Exercise requirements →
Transcribe the lines exactly, beginning with the one that contains "Кнопка антивандальна 16мм" and ending with the final line of the records. Do not transcribe pictures.

════════

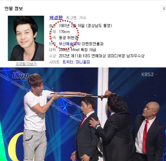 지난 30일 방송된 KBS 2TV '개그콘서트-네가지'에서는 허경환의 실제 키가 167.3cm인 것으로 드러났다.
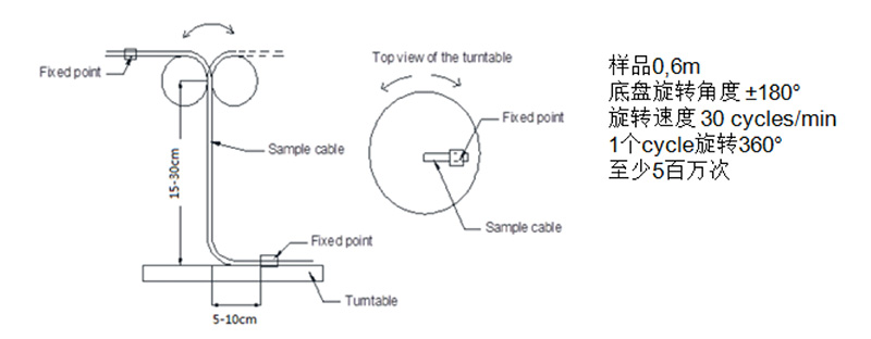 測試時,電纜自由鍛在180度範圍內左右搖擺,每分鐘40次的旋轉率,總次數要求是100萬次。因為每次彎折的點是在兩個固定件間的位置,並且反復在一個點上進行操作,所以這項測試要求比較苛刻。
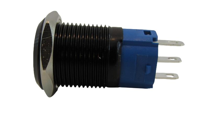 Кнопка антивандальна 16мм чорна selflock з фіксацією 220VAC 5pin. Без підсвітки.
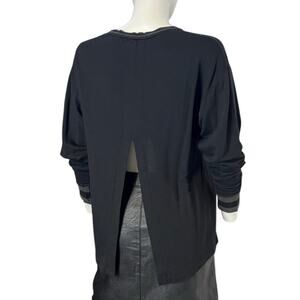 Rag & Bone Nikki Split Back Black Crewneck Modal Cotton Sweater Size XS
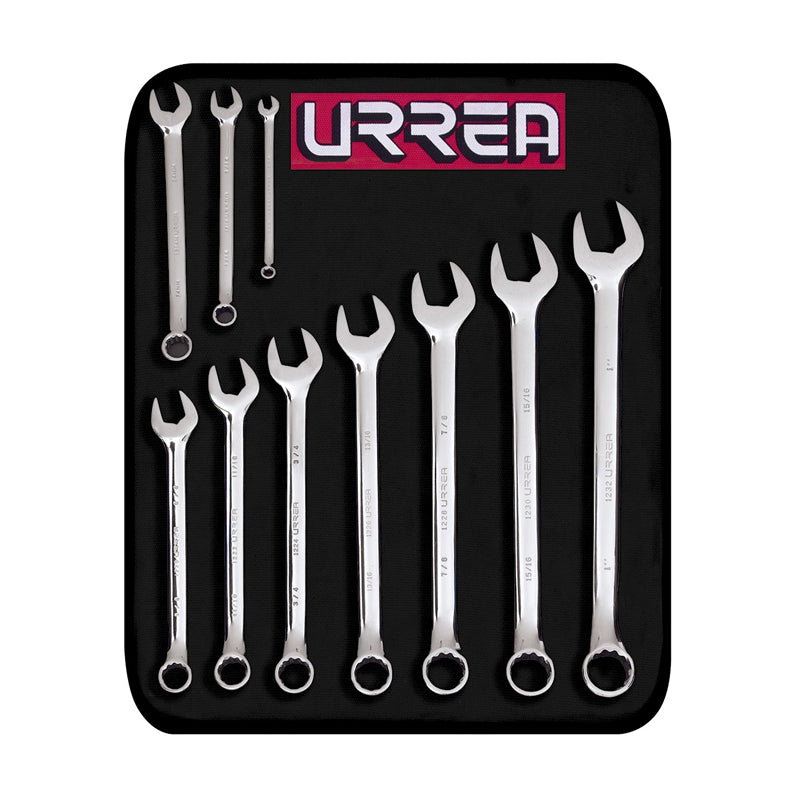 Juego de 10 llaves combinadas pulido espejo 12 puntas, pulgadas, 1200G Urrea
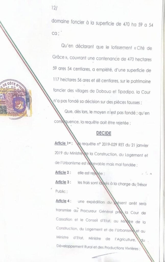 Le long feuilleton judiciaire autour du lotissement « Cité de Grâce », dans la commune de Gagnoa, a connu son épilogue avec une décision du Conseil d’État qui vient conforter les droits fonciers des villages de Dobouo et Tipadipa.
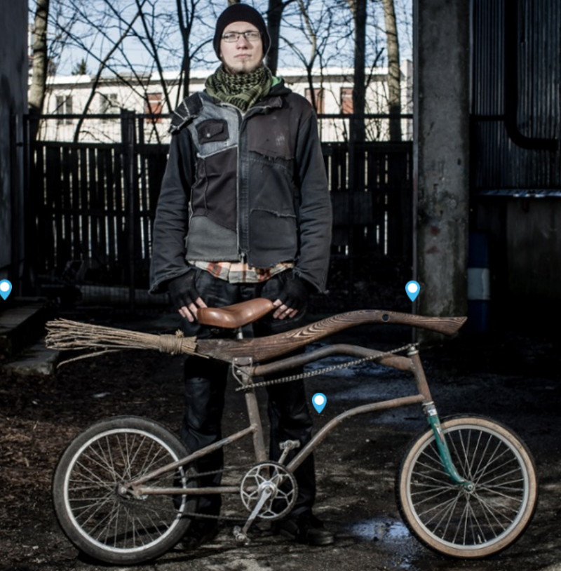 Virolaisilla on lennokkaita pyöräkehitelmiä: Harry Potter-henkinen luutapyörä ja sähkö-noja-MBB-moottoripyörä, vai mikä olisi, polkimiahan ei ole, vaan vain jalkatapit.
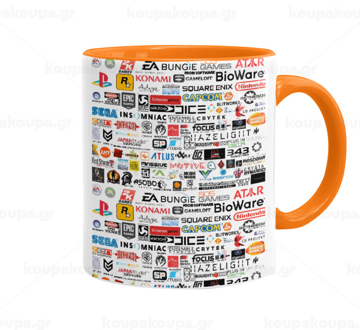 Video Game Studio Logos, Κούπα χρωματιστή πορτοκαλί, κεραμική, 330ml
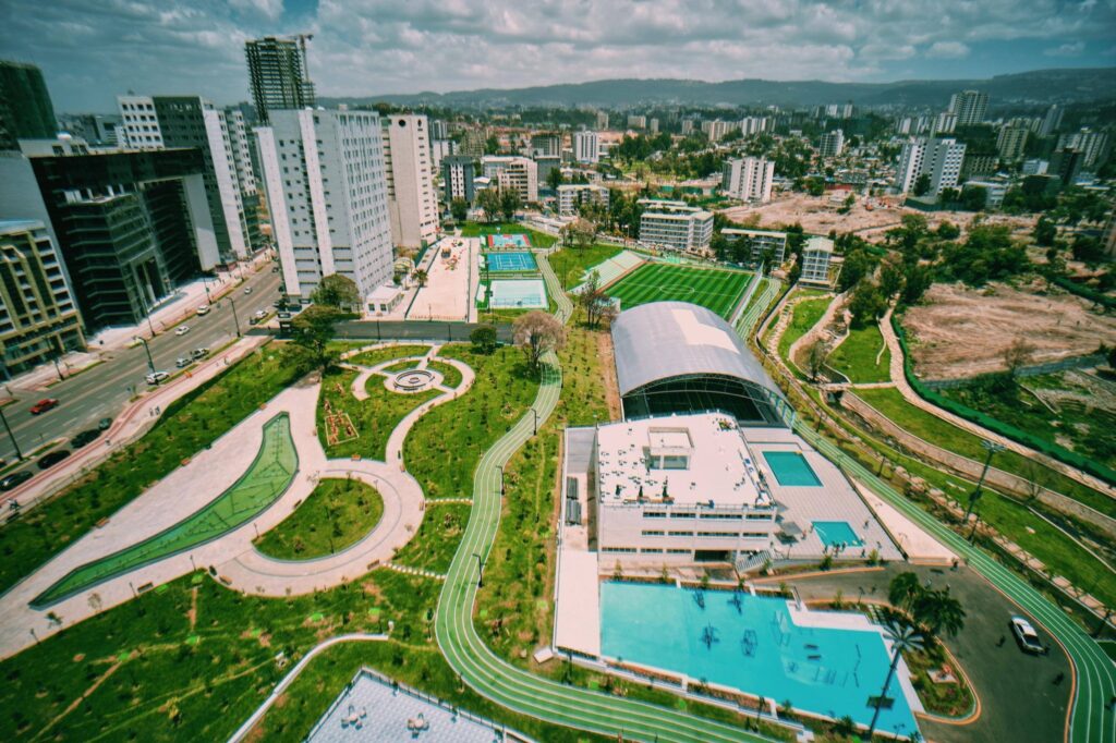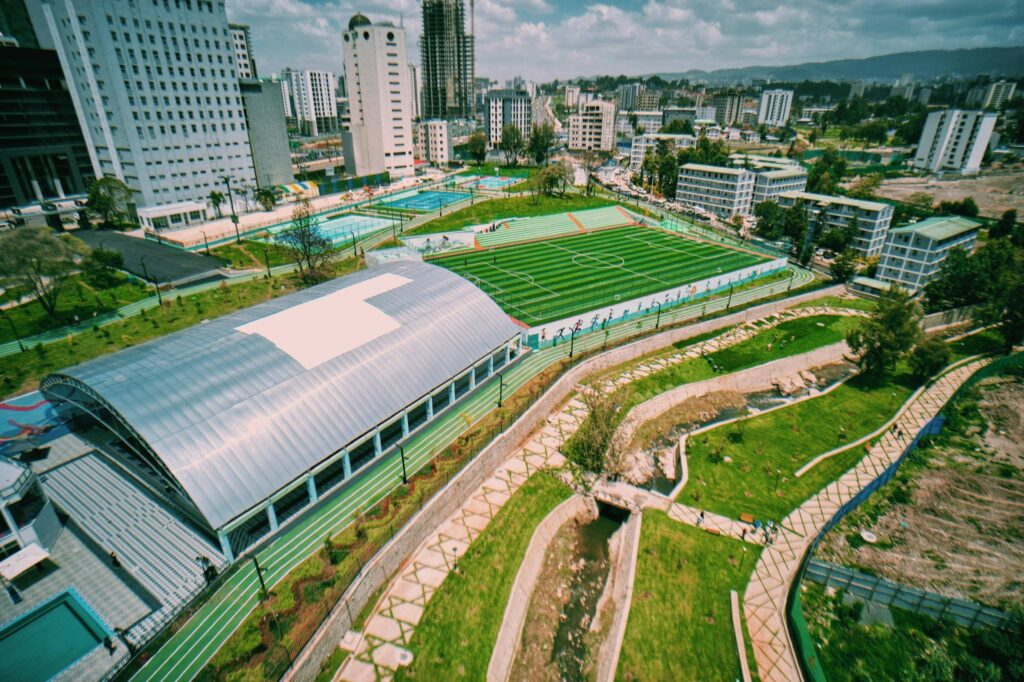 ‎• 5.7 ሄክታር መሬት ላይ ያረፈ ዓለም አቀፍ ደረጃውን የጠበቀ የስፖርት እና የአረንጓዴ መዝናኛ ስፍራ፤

════════

Response box →
 Кнопка антивандальна 16мм чорна selflock з фіксацією 220VAC 5pin. Без підсвітки.
 Rag & Bone Nikki Split Back Black Crewneck Modal Cotton Sweater Size XS
 Juego de 10 llaves combinadas pulido espejo 12 puntas, pulgadas, 1200G Urrea
 Le long feuilleton judiciaire autour du lotissement « Cité de Grâce », dans la commune de Gagnoa, a connu son épilogue avec une décision du Conseil d’État qui vient conforter les droits fonciers des villages de Dobouo et Tipadipa.
 Virolaisilla on lennokkaita pyöräkehitelmiä: Harry Potter-henkinen luutapyörä ja sähkö-noja-MBB-moottoripyörä, vai mikä olisi, polkimiahan ei ole, vaan vain jalkatapit.
 Video Game Studio Logos, Κούπα χρωματιστή πορτοκαλί, κεραμική, 330ml
 ‎• 5.7 ሄክታር መሬት ላይ ያረፈ ዓለም አቀፍ ደረጃውን የጠበቀ የስፖርት እና የአረንጓዴ መዝናኛ ስፍራ፤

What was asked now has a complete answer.